TASK REQUIREMENTS: What is needed is a word-for-word restatement of all the entries.

Segment Open

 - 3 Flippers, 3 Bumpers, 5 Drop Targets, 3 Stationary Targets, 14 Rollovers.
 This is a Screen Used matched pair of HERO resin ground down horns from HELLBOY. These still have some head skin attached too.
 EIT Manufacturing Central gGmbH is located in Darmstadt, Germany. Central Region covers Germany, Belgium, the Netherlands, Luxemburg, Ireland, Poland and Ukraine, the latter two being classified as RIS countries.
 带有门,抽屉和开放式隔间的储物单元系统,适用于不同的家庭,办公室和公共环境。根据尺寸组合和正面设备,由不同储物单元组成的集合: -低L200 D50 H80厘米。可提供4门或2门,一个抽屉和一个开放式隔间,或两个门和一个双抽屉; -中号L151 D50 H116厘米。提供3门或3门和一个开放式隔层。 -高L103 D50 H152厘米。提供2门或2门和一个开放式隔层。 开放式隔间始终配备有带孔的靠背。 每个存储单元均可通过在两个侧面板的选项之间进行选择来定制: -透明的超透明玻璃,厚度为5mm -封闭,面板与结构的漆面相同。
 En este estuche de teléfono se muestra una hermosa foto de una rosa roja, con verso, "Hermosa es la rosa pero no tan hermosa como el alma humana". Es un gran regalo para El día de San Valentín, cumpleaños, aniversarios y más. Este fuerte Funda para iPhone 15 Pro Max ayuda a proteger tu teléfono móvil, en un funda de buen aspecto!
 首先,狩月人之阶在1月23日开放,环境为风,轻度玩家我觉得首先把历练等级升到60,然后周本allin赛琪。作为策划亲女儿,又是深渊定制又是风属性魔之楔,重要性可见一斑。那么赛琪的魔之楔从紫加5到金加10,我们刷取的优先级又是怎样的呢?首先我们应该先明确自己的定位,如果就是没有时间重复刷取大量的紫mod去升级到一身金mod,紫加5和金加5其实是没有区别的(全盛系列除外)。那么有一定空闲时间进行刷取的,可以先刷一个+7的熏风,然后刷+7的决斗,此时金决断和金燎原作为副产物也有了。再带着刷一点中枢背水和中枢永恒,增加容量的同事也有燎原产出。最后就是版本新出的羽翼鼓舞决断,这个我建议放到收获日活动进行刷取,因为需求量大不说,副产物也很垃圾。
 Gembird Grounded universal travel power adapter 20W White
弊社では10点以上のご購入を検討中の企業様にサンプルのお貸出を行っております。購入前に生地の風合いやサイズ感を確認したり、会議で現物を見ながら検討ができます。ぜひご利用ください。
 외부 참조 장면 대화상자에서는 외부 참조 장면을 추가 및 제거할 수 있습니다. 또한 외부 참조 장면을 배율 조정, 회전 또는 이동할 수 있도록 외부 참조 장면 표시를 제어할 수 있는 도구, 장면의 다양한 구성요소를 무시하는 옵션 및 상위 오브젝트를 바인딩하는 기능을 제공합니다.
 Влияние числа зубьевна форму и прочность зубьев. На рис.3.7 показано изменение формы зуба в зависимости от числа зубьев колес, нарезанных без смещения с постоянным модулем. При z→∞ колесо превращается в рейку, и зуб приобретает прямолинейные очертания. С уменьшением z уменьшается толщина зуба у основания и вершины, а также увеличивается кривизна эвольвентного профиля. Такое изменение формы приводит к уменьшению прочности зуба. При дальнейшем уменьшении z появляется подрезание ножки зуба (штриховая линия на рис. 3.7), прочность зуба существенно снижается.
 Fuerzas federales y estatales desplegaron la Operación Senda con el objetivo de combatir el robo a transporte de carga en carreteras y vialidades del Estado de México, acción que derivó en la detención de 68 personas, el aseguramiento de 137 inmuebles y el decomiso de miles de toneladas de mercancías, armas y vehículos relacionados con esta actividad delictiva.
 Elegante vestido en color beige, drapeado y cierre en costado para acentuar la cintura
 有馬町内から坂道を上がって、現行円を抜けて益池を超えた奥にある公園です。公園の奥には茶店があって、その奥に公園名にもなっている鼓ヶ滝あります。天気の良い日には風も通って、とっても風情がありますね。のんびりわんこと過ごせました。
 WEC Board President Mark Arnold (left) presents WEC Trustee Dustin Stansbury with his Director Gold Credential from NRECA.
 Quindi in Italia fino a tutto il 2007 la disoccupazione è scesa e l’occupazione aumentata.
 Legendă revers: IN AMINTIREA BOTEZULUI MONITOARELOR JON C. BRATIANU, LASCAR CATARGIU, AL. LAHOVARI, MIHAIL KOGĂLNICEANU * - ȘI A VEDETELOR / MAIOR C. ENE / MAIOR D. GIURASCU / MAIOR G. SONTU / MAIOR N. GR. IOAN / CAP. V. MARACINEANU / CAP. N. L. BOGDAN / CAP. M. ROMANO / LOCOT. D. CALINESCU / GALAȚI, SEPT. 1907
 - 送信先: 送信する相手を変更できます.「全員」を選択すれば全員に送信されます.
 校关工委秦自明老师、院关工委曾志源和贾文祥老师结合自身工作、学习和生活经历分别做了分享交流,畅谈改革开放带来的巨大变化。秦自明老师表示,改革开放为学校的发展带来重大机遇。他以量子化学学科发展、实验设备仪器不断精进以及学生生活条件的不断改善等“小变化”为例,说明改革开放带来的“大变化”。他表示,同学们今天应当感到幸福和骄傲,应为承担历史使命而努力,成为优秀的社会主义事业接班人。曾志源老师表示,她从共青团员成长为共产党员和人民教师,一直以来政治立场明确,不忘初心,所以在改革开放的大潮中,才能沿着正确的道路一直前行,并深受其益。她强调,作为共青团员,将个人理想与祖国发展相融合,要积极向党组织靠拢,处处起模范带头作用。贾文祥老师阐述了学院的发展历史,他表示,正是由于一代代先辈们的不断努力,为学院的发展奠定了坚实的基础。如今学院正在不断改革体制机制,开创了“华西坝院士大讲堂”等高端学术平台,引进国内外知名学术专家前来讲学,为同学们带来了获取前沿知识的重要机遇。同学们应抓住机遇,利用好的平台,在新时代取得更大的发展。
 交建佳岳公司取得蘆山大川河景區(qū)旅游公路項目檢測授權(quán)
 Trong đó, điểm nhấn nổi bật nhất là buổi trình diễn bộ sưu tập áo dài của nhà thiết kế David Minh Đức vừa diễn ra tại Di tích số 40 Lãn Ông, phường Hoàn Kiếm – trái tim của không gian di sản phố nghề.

Segment Closed

OUTPUT:
 - 3 Flippers, 3 Bumpers, 5 Drop Targets, 3 Stationary Targets, 14 Rollovers.
 This is a Screen Used matched pair of HERO resin ground down horns from HELLBOY. These still have some head skin attached too.
 EIT Manufacturing Central gGmbH is located in Darmstadt, Germany. Central Region covers Germany, Belgium, the Netherlands, Luxemburg, Ireland, Poland and Ukraine, the latter two being classified as RIS countries.
 带有门,抽屉和开放式隔间的储物单元系统,适用于不同的家庭,办公室和公共环境。根据尺寸组合和正面设备,由不同储物单元组成的集合: -低L200 D50 H80厘米。可提供4门或2门,一个抽屉和一个开放式隔间,或两个门和一个双抽屉; -中号L151 D50 H116厘米。提供3门或3门和一个开放式隔层。 -高L103 D50 H152厘米。提供2门或2门和一个开放式隔层。 开放式隔间始终配备有带孔的靠背。 每个存储单元均可通过在两个侧面板的选项之间进行选择来定制: -透明的超透明玻璃,厚度为5mm -封闭,面板与结构的漆面相同。
 En este estuche de teléfono se muestra una hermosa foto de una rosa roja, con verso, "Hermosa es la rosa pero no tan hermosa como el alma humana". Es un gran regalo para El día de San Valentín, cumpleaños, aniversarios y más. Este fuerte Funda para iPhone 15 Pro Max ayuda a proteger tu teléfono móvil, en un funda de buen aspecto!
 首先,狩月人之阶在1月23日开放,环境为风,轻度玩家我觉得首先把历练等级升到60,然后周本allin赛琪。作为策划亲女儿,又是深渊定制又是风属性魔之楔,重要性可见一斑。那么赛琪的魔之楔从紫加5到金加10,我们刷取的优先级又是怎样的呢?首先我们应该先明确自己的定位,如果就是没有时间重复刷取大量的紫mod去升级到一身金mod,紫加5和金加5其实是没有区别的(全盛系列除外)。那么有一定空闲时间进行刷取的,可以先刷一个+7的熏风,然后刷+7的决斗,此时金决断和金燎原作为副产物也有了。再带着刷一点中枢背水和中枢永恒,增加容量的同事也有燎原产出。最后就是版本新出的羽翼鼓舞决断,这个我建议放到收获日活动进行刷取,因为需求量大不说,副产物也很垃圾。
 Gembird Grounded universal travel power adapter 20W White
弊社では10点以上のご購入を検討中の企業様にサンプルのお貸出を行っております。購入前に生地の風合いやサイズ感を確認したり、会議で現物を見ながら検討ができます。ぜひご利用ください。
 외부 참조 장면 대화상자에서는 외부 참조 장면을 추가 및 제거할 수 있습니다. 또한 외부 참조 장면을 배율 조정, 회전 또는 이동할 수 있도록 외부 참조 장면 표시를 제어할 수 있는 도구, 장면의 다양한 구성요소를 무시하는 옵션 및 상위 오브젝트를 바인딩하는 기능을 제공합니다.
 Влияние числа зубьевна форму и прочность зубьев. На рис.3.7 показано изменение формы зуба в зависимости от числа зубьев колес, нарезанных без смещения с постоянным модулем. При z→∞ колесо превращается в рейку, и зуб приобретает прямолинейные очертания. С уменьшением z уменьшается толщина зуба у основания и вершины, а также увеличивается кривизна эвольвентного профиля. Такое изменение формы приводит к уменьшению прочности зуба. При дальнейшем уменьшении z появляется подрезание ножки зуба (штриховая линия на рис. 3.7), прочность зуба существенно снижается.
 Fuerzas federales y estatales desplegaron la Operación Senda con el objetivo de combatir el robo a transporte de carga en carreteras y vialidades del Estado de México, acción que derivó en la detención de 68 personas, el aseguramiento de 137 inmuebles y el decomiso de miles de toneladas de mercancías, armas y vehículos relacionados con esta actividad delictiva.
 Elegante vestido en color beige, drapeado y cierre en costado para acentuar la cintura
 有馬町内から坂道を上がって、現行円を抜けて益池を超えた奥にある公園です。公園の奥には茶店があって、その奥に公園名にもなっている鼓ヶ滝あります。天気の良い日には風も通って、とっても風情がありますね。のんびりわんこと過ごせました。
 WEC Board President Mark Arnold (left) presents WEC Trustee Dustin Stansbury with his Director Gold Credential from NRECA.
 Quindi in Italia fino a tutto il 2007 la disoccupazione è scesa e l’occupazione aumentata.
 Legendă revers: IN AMINTIREA BOTEZULUI MONITOARELOR JON C. BRATIANU, LASCAR CATARGIU, AL. LAHOVARI, MIHAIL KOGĂLNICEANU * - ȘI A VEDETELOR / MAIOR C. ENE / MAIOR D. GIURASCU / MAIOR G. SONTU / MAIOR N. GR. IOAN / CAP. V. MARACINEANU / CAP. N. L. BOGDAN / CAP. M. ROMANO / LOCOT. D. CALINESCU / GALAȚI, SEPT. 1907
 - 送信先: 送信する相手を変更できます.「全員」を選択すれば全員に送信されます.
 校关工委秦自明老师、院关工委曾志源和贾文祥老师结合自身工作、学习和生活经历分别做了分享交流,畅谈改革开放带来的巨大变化。秦自明老师表示,改革开放为学校的发展带来重大机遇。他以量子化学学科发展、实验设备仪器不断精进以及学生生活条件的不断改善等“小变化”为例,说明改革开放带来的“大变化”。他表示,同学们今天应当感到幸福和骄傲,应为承担历史使命而努力,成为优秀的社会主义事业接班人。曾志源老师表示,她从共青团员成长为共产党员和人民教师,一直以来政治立场明确,不忘初心,所以在改革开放的大潮中,才能沿着正确的道路一直前行,并深受其益。她强调,作为共青团员,将个人理想与祖国发展相融合,要积极向党组织靠拢,处处起模范带头作用。贾文祥老师阐述了学院的发展历史,他表示,正是由于一代代先辈们的不断努力,为学院的发展奠定了坚实的基础。如今学院正在不断改革体制机制,开创了“华西坝院士大讲堂”等高端学术平台,引进国内外知名学术专家前来讲学,为同学们带来了获取前沿知识的重要机遇。同学们应抓住机遇,利用好的平台,在新时代取得更大的发展。
 交建佳岳公司取得蘆山大川河景區(qū)旅游公路項目檢測授權(quán)
 Trong đó, điểm nhấn nổi bật nhất là buổi trình diễn bộ sưu tập áo dài của nhà thiết kế David Minh Đức vừa diễn ra tại Di tích số 40 Lãn Ông, phường Hoàn Kiếm – trái tim của không gian di sản phố nghề.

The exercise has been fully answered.